» **YOUR GOAL**
Return each line of the records with nothing changed, pictures excepted.

(Excerpts from a dataset)
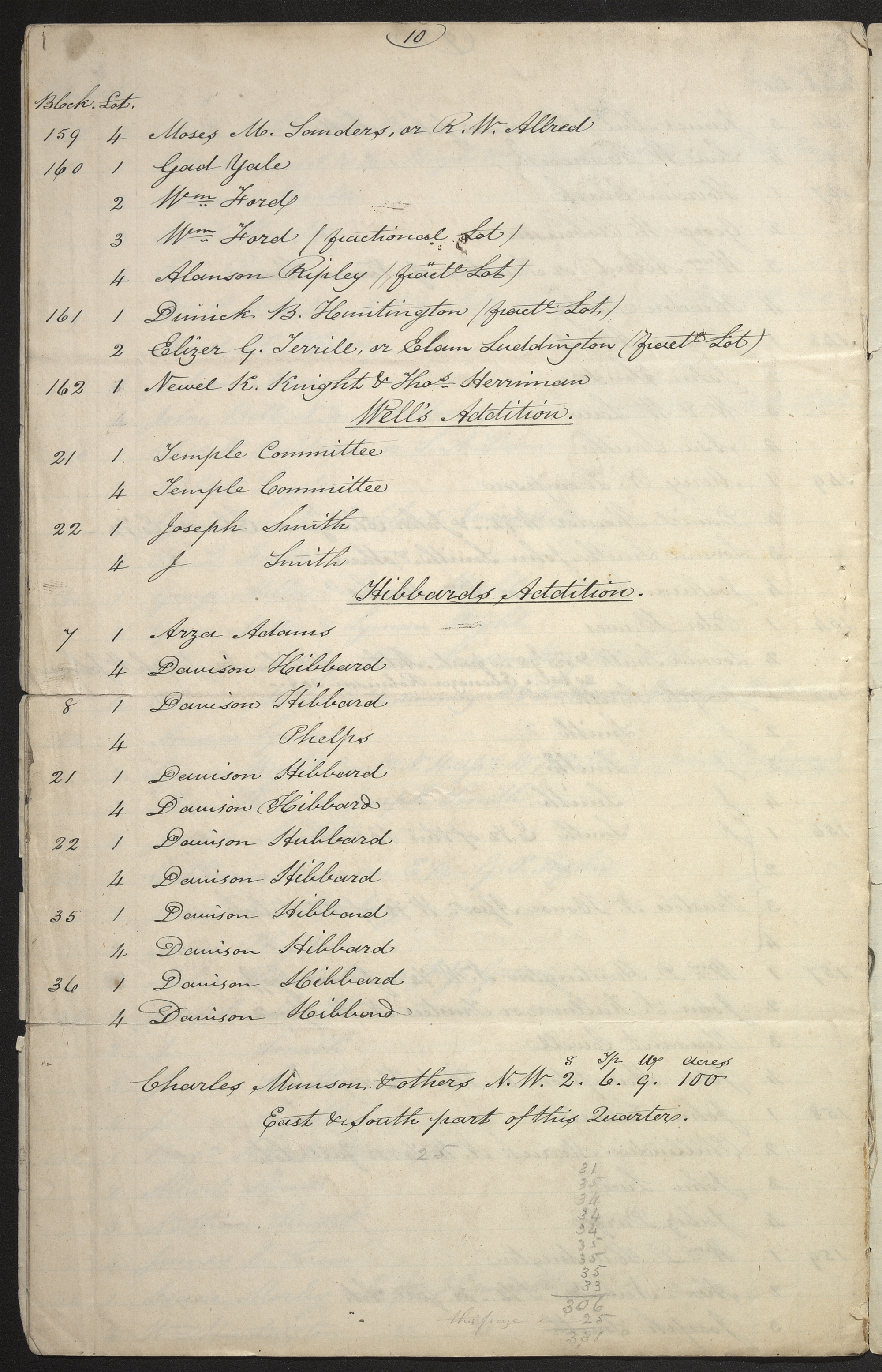 , List of Taxable Lots, second copy for fourth ward; , Hancock Co., IL; between ca. Nov. 1842 and ca. Feb. 1843; handwriting of ; notations in handwriting of and ; docket in handwriting of ; nine pages; Nauvoo, IL, Records, 1841–1845, CHL.
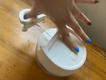 Vegetable chopper from Japan. Pull the tab, and the blades inside the bowl spin. Works great for onions and other vegetables you want finely chopped. Good condition.
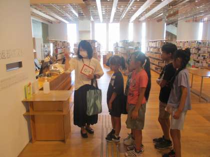 富山市ガラス美術館・図書館本館を見学した様子です。学校では普段見ることができない芸術に触れたり、図書館の仕組みや利用の仕方を学んだりしました。「また家族と来て本を借りたい」「迫力のある作品を見ることができて楽しかった」などの声が聞けました。
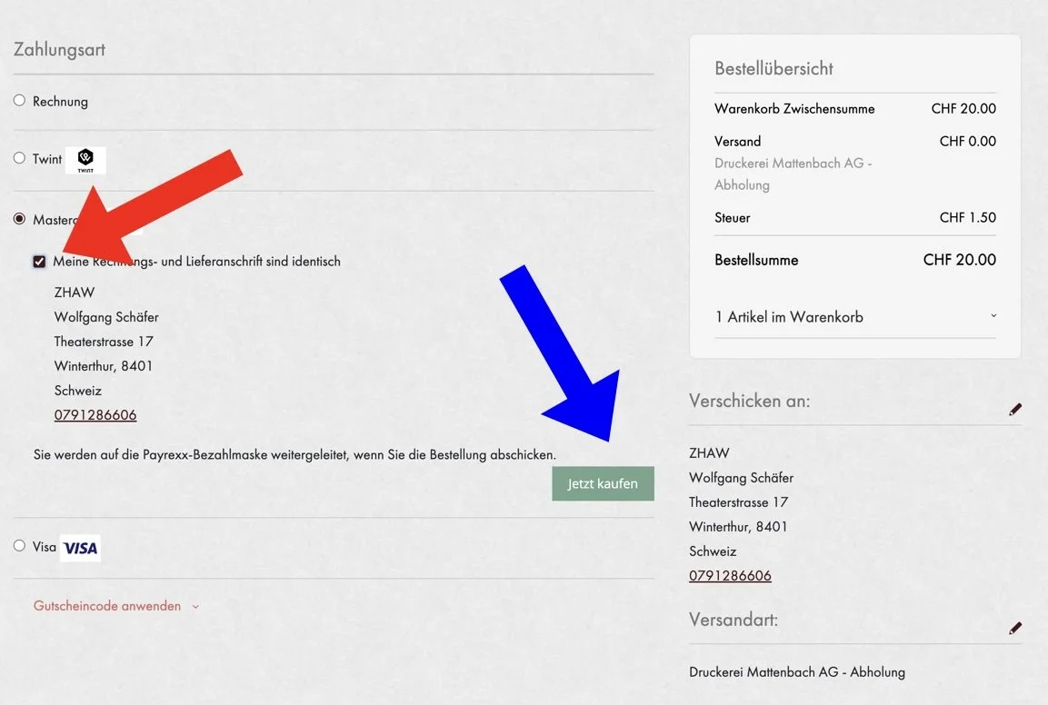 Now, choose Mastercard or Visa as your payment option (Not “Rechnung” (invoice) as the payment by invoice would take too loong and, thus, won’t work for this special offer). Make sure to have the check box checked to the left of “Meine Rechnungs- und Lieferanschrift sind identisch” ("=My billing and delivery addresses are the same”, see red arrow). To proceed to the payment process, finally click on “Jetzt kaufen” (“buy now”, see blue arrow).
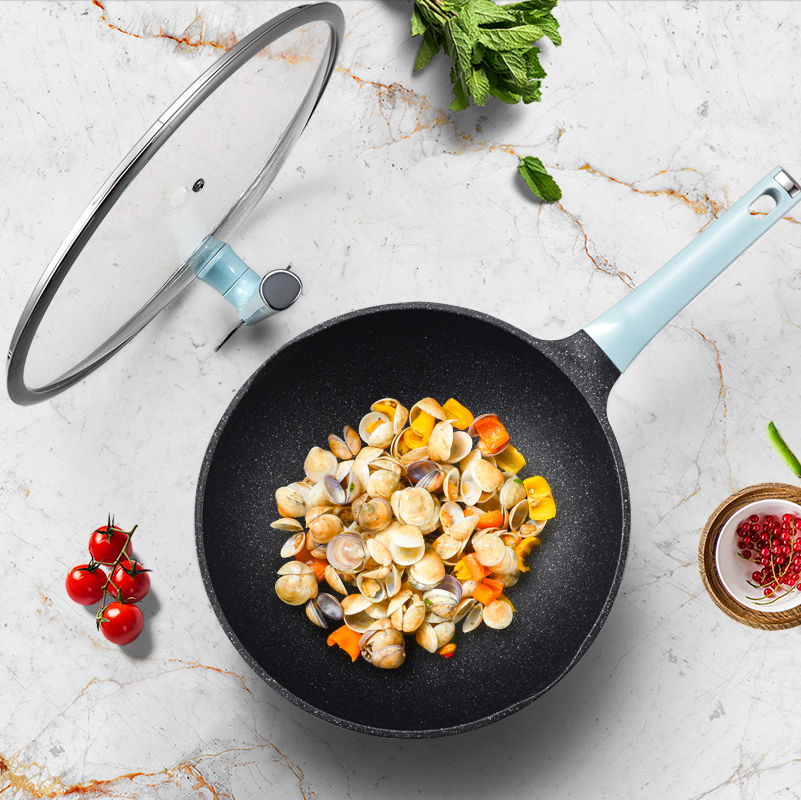 产品名称:火山石聚油不粘炒锅/玻璃盖可立
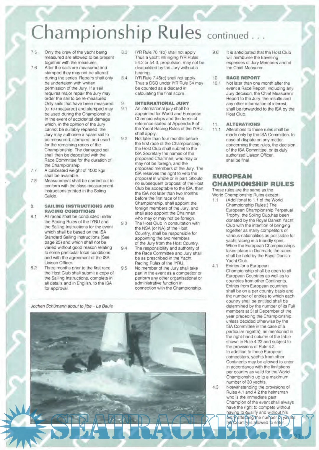 To some degrees, this Guide as well as those of past years is an arrested "still" of a process in motion - rules as of the date of publication, yet rules which even now are in the process of revision to keep pace with improvements, the creative results of sailors and builders finding ways to increase speed, though not always In the interests of one-design similarity; but that goes on forever. Regular supplements with the latest rules will keep the Class up to date before the 1996 Guide is published.
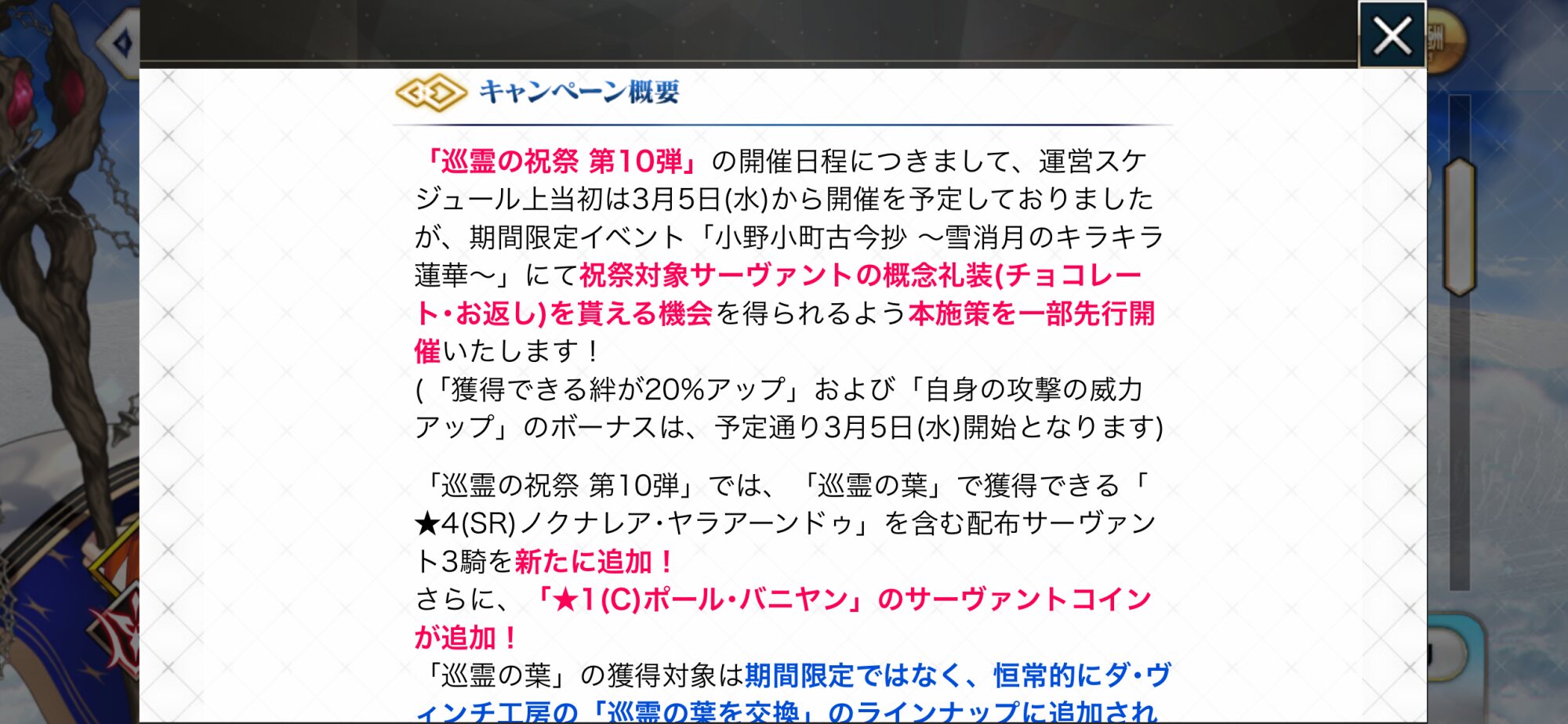 R18関連話題、よくてよ無しのガチャ結果、実装から二週間以内のシナリオ及び開催期間中のイベント内容、進行度依存の報酬、最終再臨や霊衣解放の画像や話題は専用スレにてお願いします
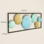 <li class="a-spacing-mini"><span class="a-list-item">Artistic Design: This metal wall art sculpture features a rectangular frame with multicoloured circular discs in varying sizes, creating an eye-catching and modern decor piece.</span></li>
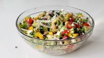 Prolećna salata od svežeg povrća sa seckanim orasima
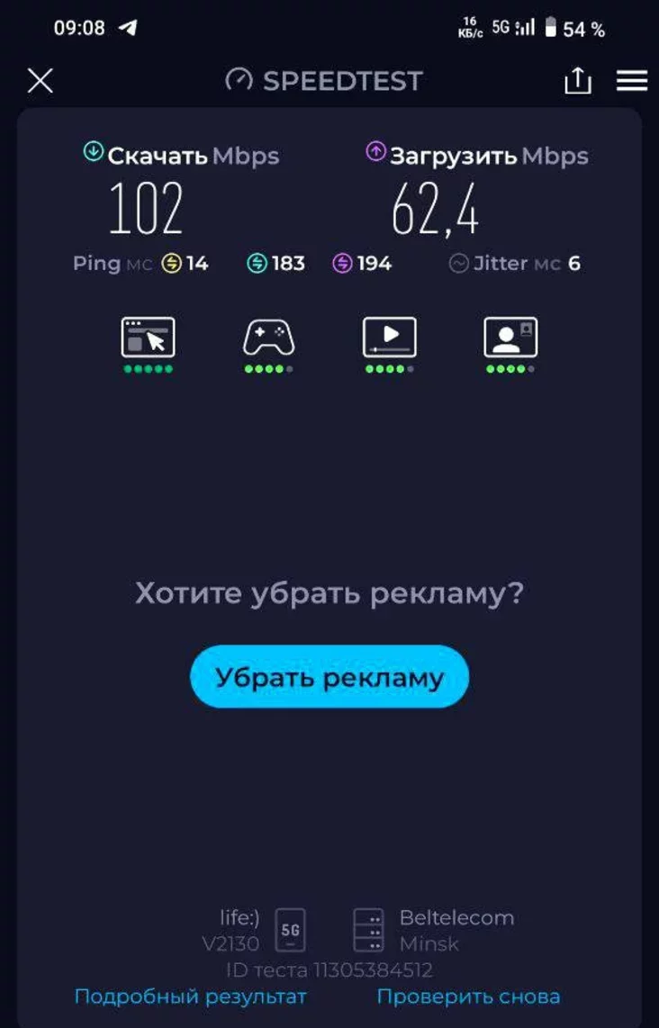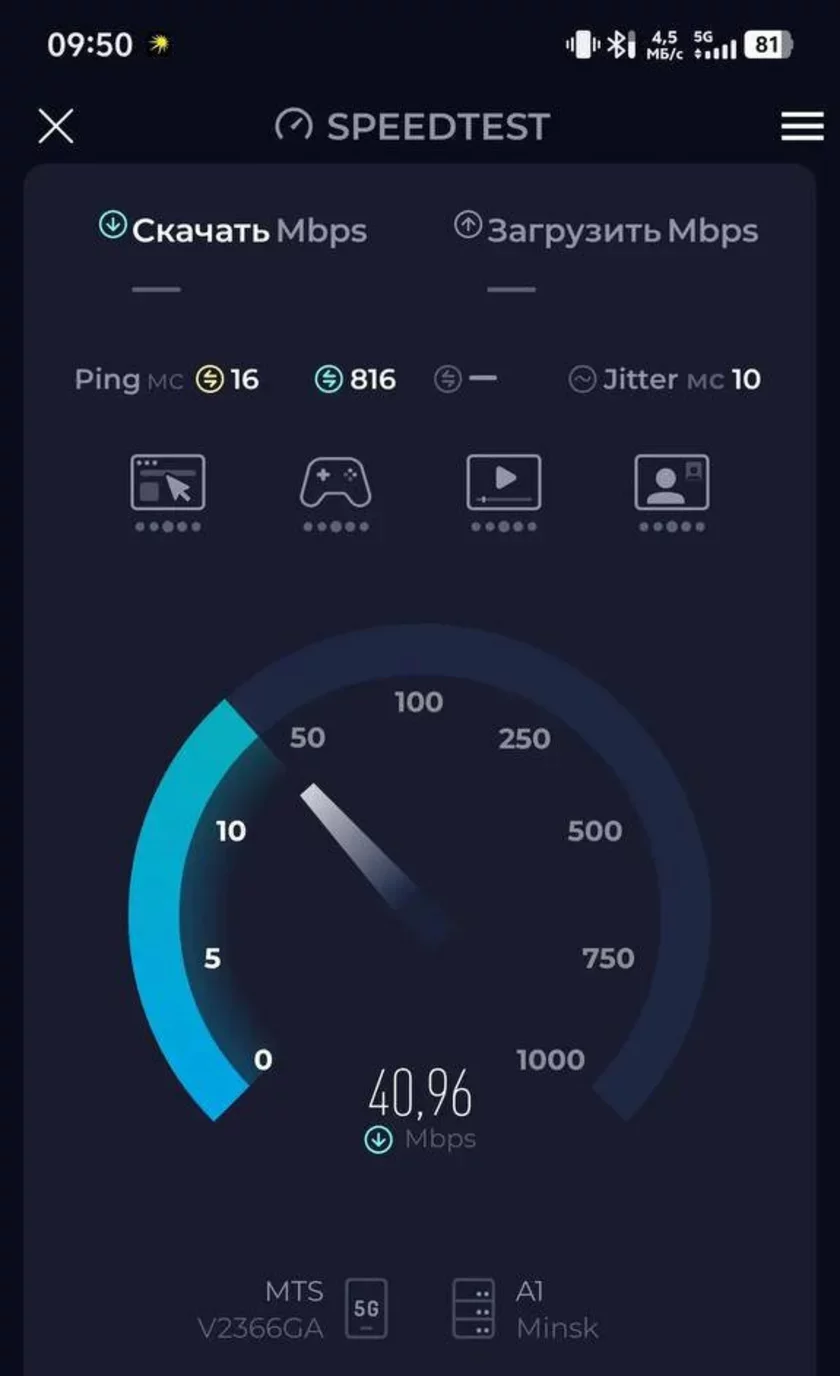 Jak piša Blizko.by, zony 5G zaŭvažanyja va ŭsich troch apierataraŭ mabilnaj suviazi (A1, MTS, Life), karystalniki pačali vykładvać skrynšoty svaich telefonaŭ z zamieram chutkaści. Chutkaści hetyja, treba skazać, miescami nie nadta adroźnivajucca ad tych, jakija mohuć vydavać sietki papiaredniaha pakaleńnia — 4G.
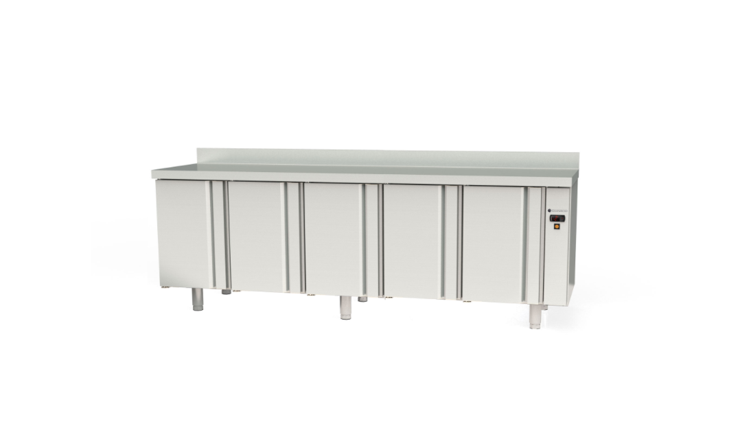 - Plan de travail en acier inox AISI-304 avec façade droite et dosseret sanitaire de 100 mm (en option sans dosseret)
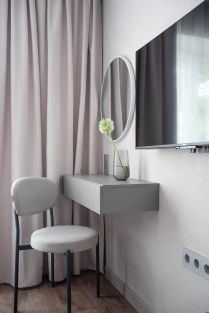 - кухня оснащена всей необходимой техникой: плитой, микроволновкой, кофемашиной и посудомоечной машиной — всё для лёгкого и быстрого приготовления еды;
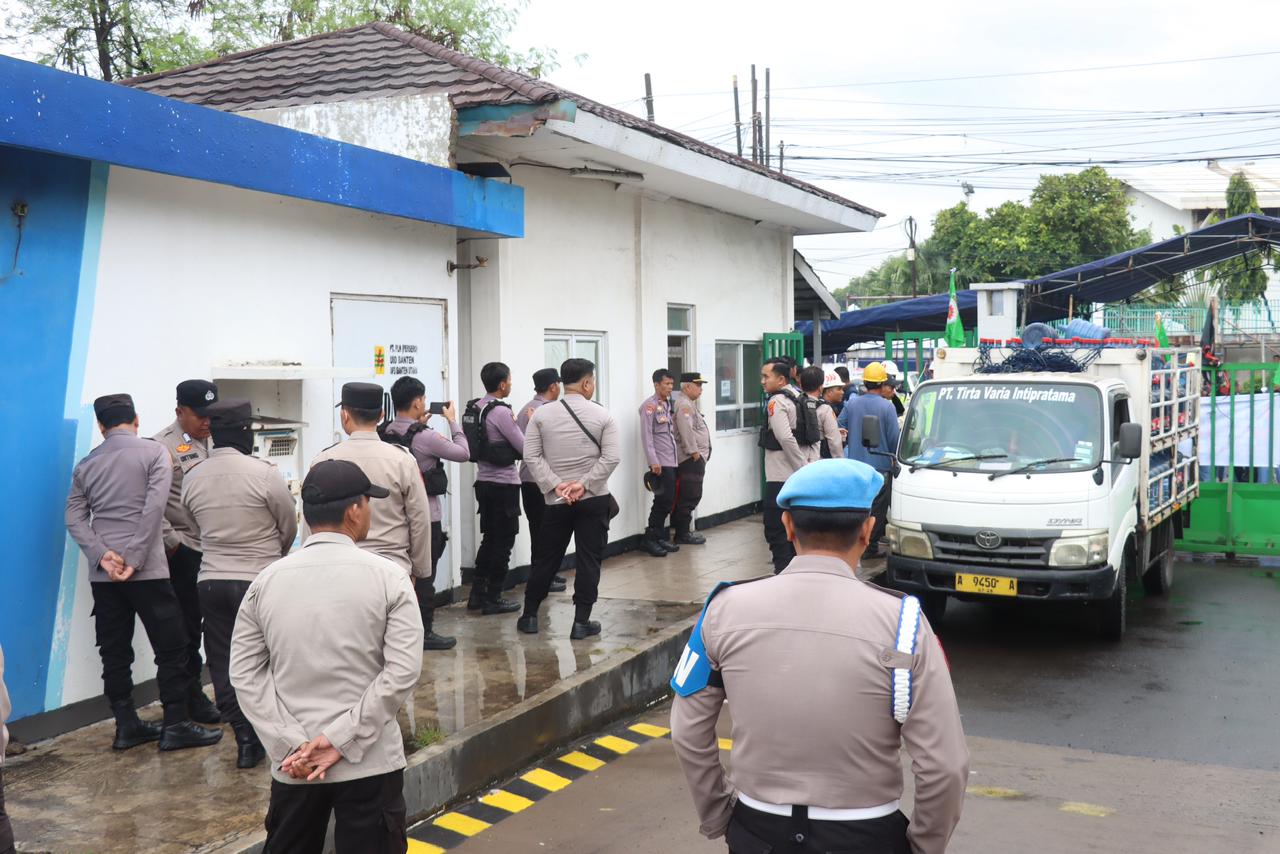 Cilegon – Polres Cilegon Polda Banten melaksanakan pengamanan kegiatan aksi unjuk rasa lanjutan yang digelar Dewan Pimpinan Cabang Federasi Serikat Pekerja Kimia, Energi dan Pertambangan (DPC FSPKEP) Kota Cilegon di depan Gerbang Masuk PT. Dongjin Indonesia, Jalan Raya Anyer–Sirih Km. 122, Kelurahan Gunungsugih, Kecamatan Ciwandan, Kota Cilegon, Rabu (14/1/2026).

» **SOLUTION**
 , List of Taxable Lots, second copy for fourth ward; , Hancock Co., IL; between ca. Nov. 1842 and ca. Feb. 1843; handwriting of ; notations in handwriting of and ; docket in handwriting of ; nine pages; Nauvoo, IL, Records, 1841–1845, CHL.
 Vegetable chopper from Japan. Pull the tab, and the blades inside the bowl spin. Works great for onions and other vegetables you want finely chopped. Good condition.
 富山市ガラス美術館・図書館本館を見学した様子です。学校では普段見ることができない芸術に触れたり、図書館の仕組みや利用の仕方を学んだりしました。「また家族と来て本を借りたい」「迫力のある作品を見ることができて楽しかった」などの声が聞けました。
 Now, choose Mastercard or Visa as your payment option (Not “Rechnung” (invoice) as the payment by invoice would take too loong and, thus, won’t work for this special offer). Make sure to have the check box checked to the left of “Meine Rechnungs- und Lieferanschrift sind identisch” ("=My billing and delivery addresses are the same”, see red arrow). To proceed to the payment process, finally click on “Jetzt kaufen” (“buy now”, see blue arrow).
 产品名称:火山石聚油不粘炒锅/玻璃盖可立
 To some degrees, this Guide as well as those of past years is an arrested "still" of a process in motion - rules as of the date of publication, yet rules which even now are in the process of revision to keep pace with improvements, the creative results of sailors and builders finding ways to increase speed, though not always In the interests of one-design similarity; but that goes on forever. Regular supplements with the latest rules will keep the Class up to date before the 1996 Guide is published.
 R18関連話題、よくてよ無しのガチャ結果、実装から二週間以内のシナリオ及び開催期間中のイベント内容、進行度依存の報酬、最終再臨や霊衣解放の画像や話題は専用スレにてお願いします
 <li class="a-spacing-mini"><span class="a-list-item">Artistic Design: This metal wall art sculpture features a rectangular frame with multicoloured circular discs in varying sizes, creating an eye-catching and modern decor piece.</span></li>
 Prolećna salata od svežeg povrća sa seckanim orasima
 Jak piša Blizko.by, zony 5G zaŭvažanyja va ŭsich troch apierataraŭ mabilnaj suviazi (A1, MTS, Life), karystalniki pačali vykładvać skrynšoty svaich telefonaŭ z zamieram chutkaści. Chutkaści hetyja, treba skazać, miescami nie nadta adroźnivajucca ad tych, jakija mohuć vydavać sietki papiaredniaha pakaleńnia — 4G.
 - Plan de travail en acier inox AISI-304 avec façade droite et dosseret sanitaire de 100 mm (en option sans dosseret)
 - кухня оснащена всей необходимой техникой: плитой, микроволновкой, кофемашиной и посудомоечной машиной — всё для лёгкого и быстрого приготовления еды;
 Cilegon – Polres Cilegon Polda Banten melaksanakan pengamanan kegiatan aksi unjuk rasa lanjutan yang digelar Dewan Pimpinan Cabang Federasi Serikat Pekerja Kimia, Energi dan Pertambangan (DPC FSPKEP) Kota Cilegon di depan Gerbang Masuk PT. Dongjin Indonesia, Jalan Raya Anyer–Sirih Km. 122, Kelurahan Gunungsugih, Kecamatan Ciwandan, Kota Cilegon, Rabu (14/1/2026).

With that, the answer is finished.